*INFORMATION SHOWN:*
----------------------------------------
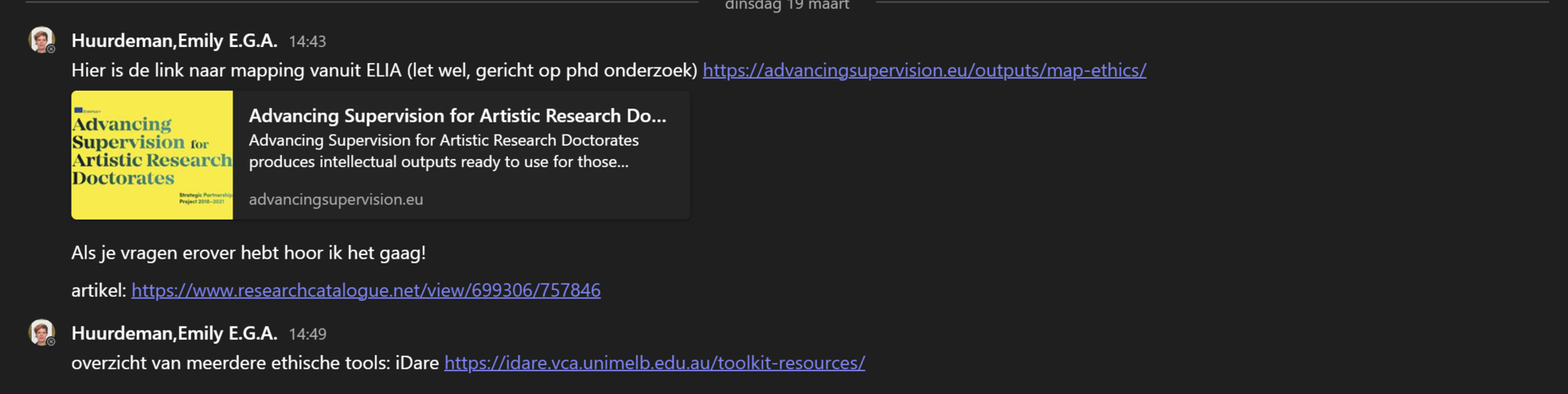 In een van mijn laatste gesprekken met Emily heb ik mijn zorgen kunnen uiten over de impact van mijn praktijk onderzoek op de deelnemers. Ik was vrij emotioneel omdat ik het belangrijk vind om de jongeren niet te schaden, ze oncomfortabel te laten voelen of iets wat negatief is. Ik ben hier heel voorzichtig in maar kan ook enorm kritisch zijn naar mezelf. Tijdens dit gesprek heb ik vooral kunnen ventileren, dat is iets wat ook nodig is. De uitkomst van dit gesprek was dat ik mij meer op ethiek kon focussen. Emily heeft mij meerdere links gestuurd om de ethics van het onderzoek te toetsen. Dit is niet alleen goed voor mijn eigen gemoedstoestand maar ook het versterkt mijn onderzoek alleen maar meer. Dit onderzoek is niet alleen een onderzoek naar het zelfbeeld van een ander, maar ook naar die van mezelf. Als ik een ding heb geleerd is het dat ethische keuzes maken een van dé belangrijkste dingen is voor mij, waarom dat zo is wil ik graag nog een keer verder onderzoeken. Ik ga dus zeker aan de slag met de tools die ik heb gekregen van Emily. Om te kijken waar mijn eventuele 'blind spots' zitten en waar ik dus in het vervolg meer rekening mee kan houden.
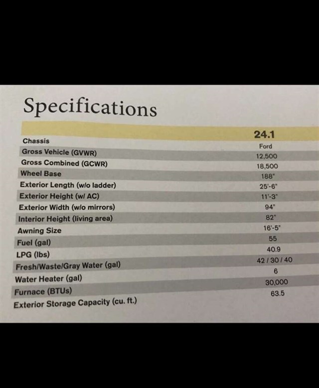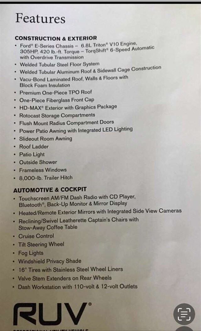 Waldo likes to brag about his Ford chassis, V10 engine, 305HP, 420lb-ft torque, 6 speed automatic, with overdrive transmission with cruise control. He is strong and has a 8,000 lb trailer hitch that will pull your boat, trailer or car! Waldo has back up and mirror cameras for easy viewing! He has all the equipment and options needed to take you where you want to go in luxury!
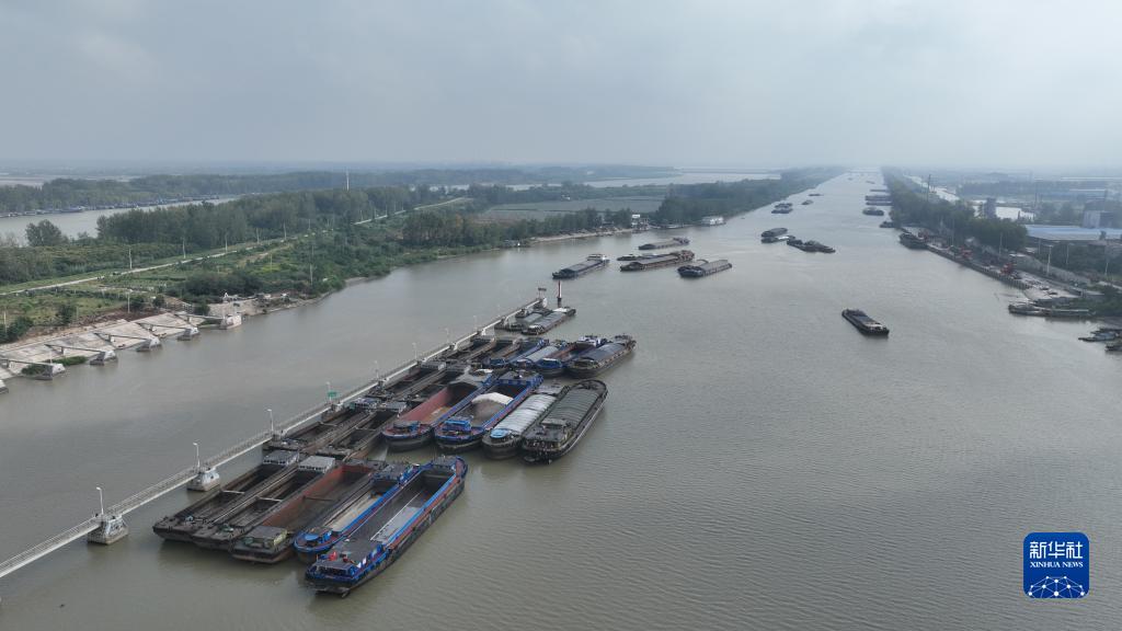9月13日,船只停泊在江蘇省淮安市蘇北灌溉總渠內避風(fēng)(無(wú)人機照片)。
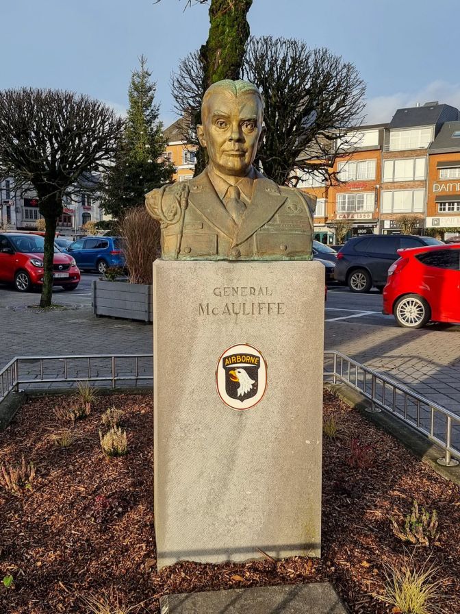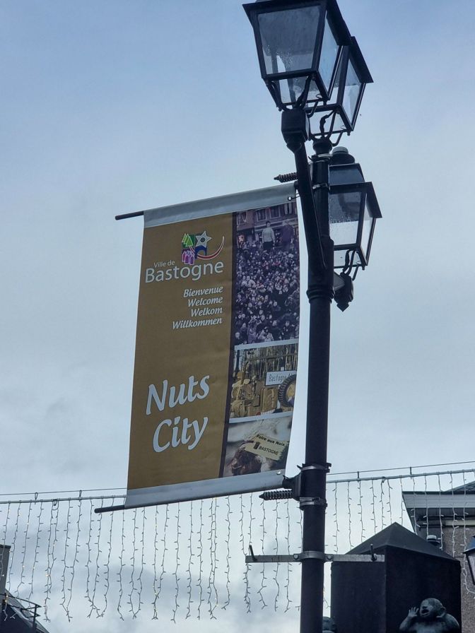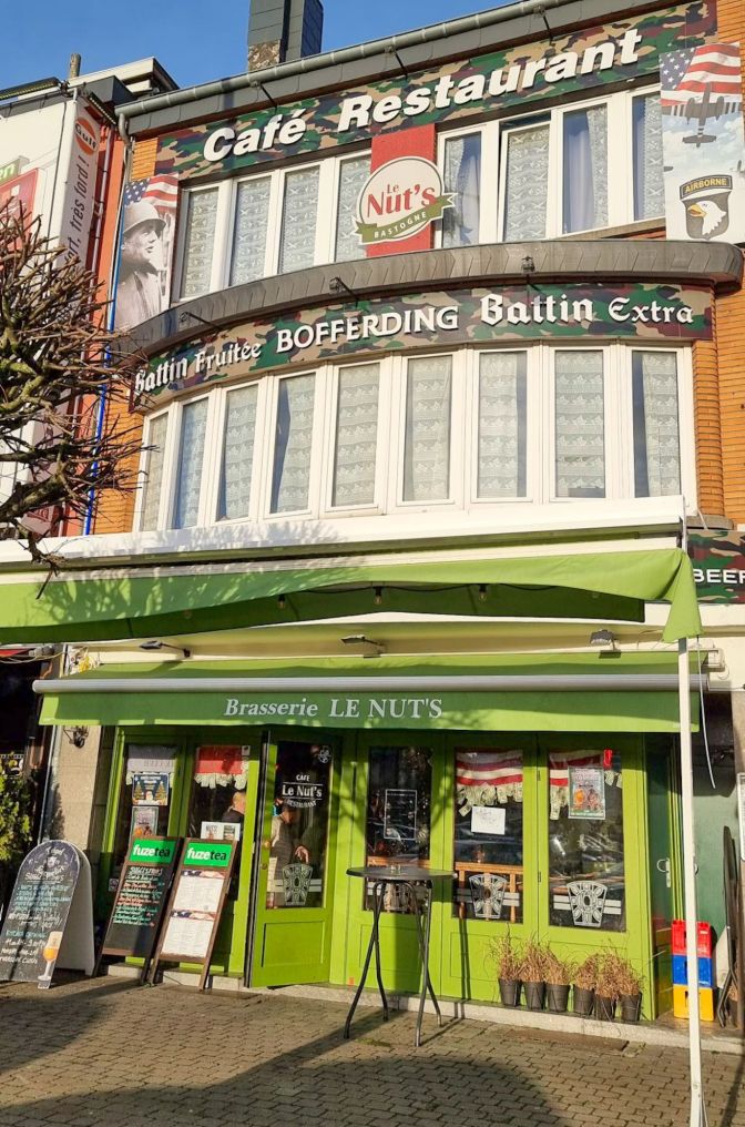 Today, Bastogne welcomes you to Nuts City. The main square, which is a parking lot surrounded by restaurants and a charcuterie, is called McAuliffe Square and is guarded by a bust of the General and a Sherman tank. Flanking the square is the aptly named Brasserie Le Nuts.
----------------------------------------
*EXERCISE:* The answer is to be the lines from the line that contains "9月13日,船只停泊在江蘇省" through the last line of the material, retyped exactly, both included, with pictures left out, please.

*RESULT FOR THIS EXERCISE:*
9月13日,船只停泊在江蘇省淮安市蘇北灌溉總渠內避風(fēng)(無(wú)人機照片)。
 Today, Bastogne welcomes you to Nuts City. The main square, which is a parking lot surrounded by restaurants and a charcuterie, is called McAuliffe Square and is guarded by a bust of the General and a Sherman tank. Flanking the square is the aptly named Brasserie Le Nuts.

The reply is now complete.